**** Data provided ****
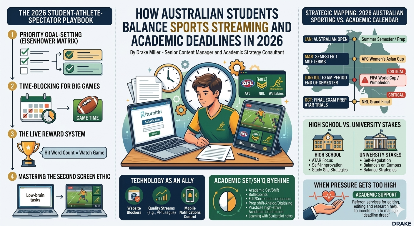 Australia’s unique sporting culture—spanning from the NRL and AFL to global icons like Formula 1 and the NBA—creates a digital tug-of-war. How do you maintain a High Distinction average when the “game of the century” is happening right in the middle of your study session? This guide explores the art of the “student-athlete-spectator” balance, offering a strategic playbook for high school and university students to manage their screens without sacrificing their GPAs.
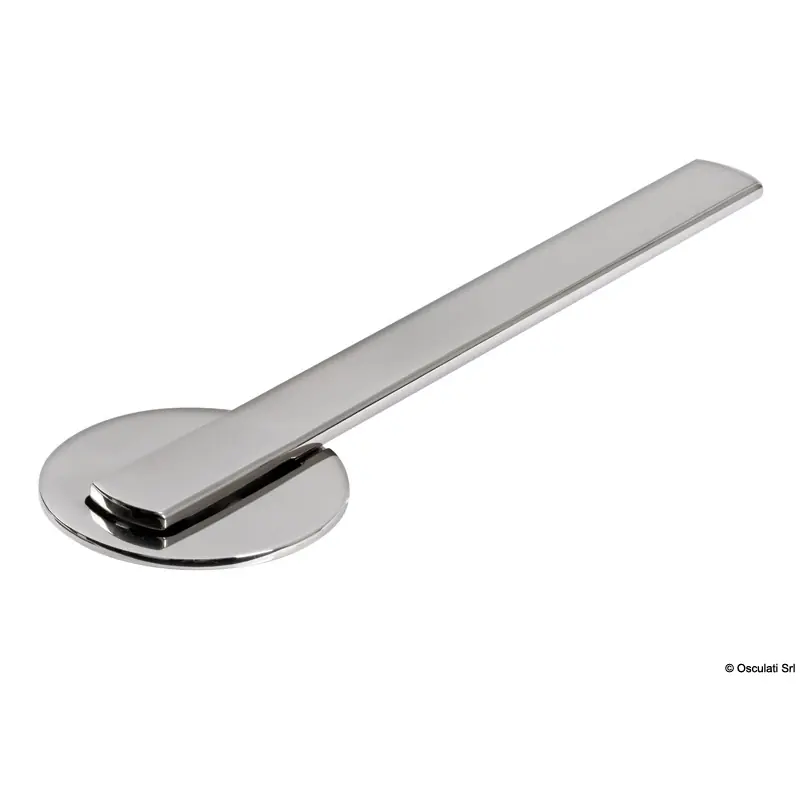 To be installed near the ladder to facilitate climbing on board.Made of AISI316 mirror-polished stainless steel. Lock in vertical position and flat when closed.Anti-vibration lock when open or closed.Fitted with studs and counterplate for installation.
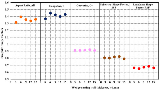The graphs included in Figure 9 show the evolution of other graphite shape factors (defined by Figure 2) as an influence of the wedge-casting wall thickness. As general values, the considered graphite shape factors fall within a narrow field, for the entire range of the wedge casting section size: Aspect Ratio AR = 1.32–1.39, Elongation E = 1.37–1.48, Convexity Cv = 0.91–0.92, Sphericity SSF = 0.79–0.82, Roundness RSF = 0.65–0.68. The Roundness Graphite Shape Factor (RSF), which is considered (by the international standard ISO 945-4-2019) to characterize the representative graphite morphologies in cast irons (Figure 3b), suggests a fall within the slightly irregular spheroidal graphite (Form V ISO 945), in the 4.5%Si ductile cast iron test. For RSF < 0.7, it practically is at the lowest level of the compactness degree defined by this standard (RSF = 0.6–0.8).
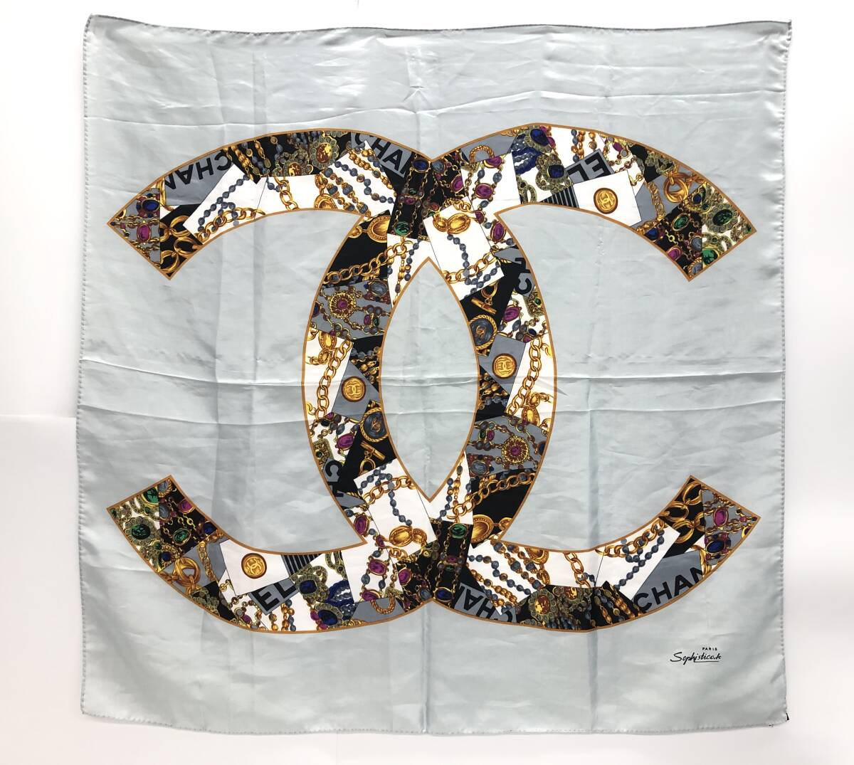 - 1円~ CHANEL シャネル Sophisticato サティフィスケイト 大判 スカーフ シルク ココマーク ジュエリー柄 ブルーグレー 88×88㎝ 正規品
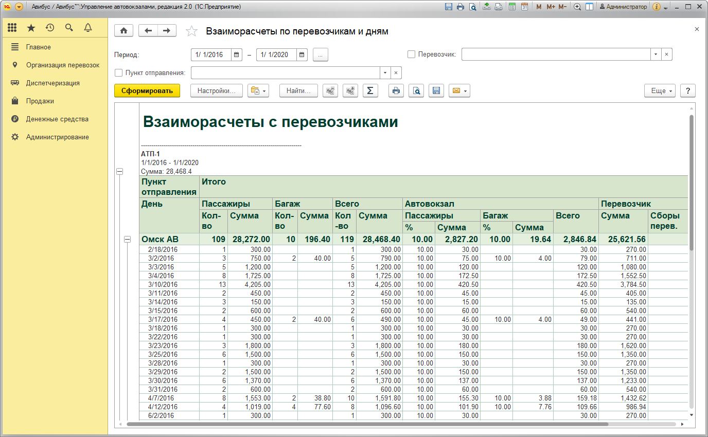 В отчете Взаиморасчеты по перевозчикам и дням отображается информация по стоимости тарифов, а также информация по вознаграждениям автовокзала в разрезе пунктов отправления и дат. Также в отчете отражается информация по предоставленным льготам.
****
*Task statement*. Transcribe the entries from their first line to the line that holds "- 1円~ CHANEL", both included, and skip every picture.

*Answer area*.
 Australia’s unique sporting culture—spanning from the NRL and AFL to global icons like Formula 1 and the NBA—creates a digital tug-of-war. How do you maintain a High Distinction average when the “game of the century” is happening right in the middle of your study session? This guide explores the art of the “student-athlete-spectator” balance, offering a strategic playbook for high school and university students to manage their screens without sacrificing their GPAs.
 To be installed near the ladder to facilitate climbing on board.Made of AISI316 mirror-polished stainless steel. Lock in vertical position and flat when closed.Anti-vibration lock when open or closed.Fitted with studs and counterplate for installation.
The graphs included in Figure 9 show the evolution of other graphite shape factors (defined by Figure 2) as an influence of the wedge-casting wall thickness. As general values, the considered graphite shape factors fall within a narrow field, for the entire range of the wedge casting section size: Aspect Ratio AR = 1.32–1.39, Elongation E = 1.37–1.48, Convexity Cv = 0.91–0.92, Sphericity SSF = 0.79–0.82, Roundness RSF = 0.65–0.68. The Roundness Graphite Shape Factor (RSF), which is considered (by the international standard ISO 945-4-2019) to characterize the representative graphite morphologies in cast irons (Figure 3b), suggests a fall within the slightly irregular spheroidal graphite (Form V ISO 945), in the 4.5%Si ductile cast iron test. For RSF < 0.7, it practically is at the lowest level of the compactness degree defined by this standard (RSF = 0.6–0.8).
 - 1円~ CHANEL シャネル Sophisticato サティフィスケイト 大判 スカーフ シルク ココマーク ジュエリー柄 ブルーグレー 88×88㎝ 正規品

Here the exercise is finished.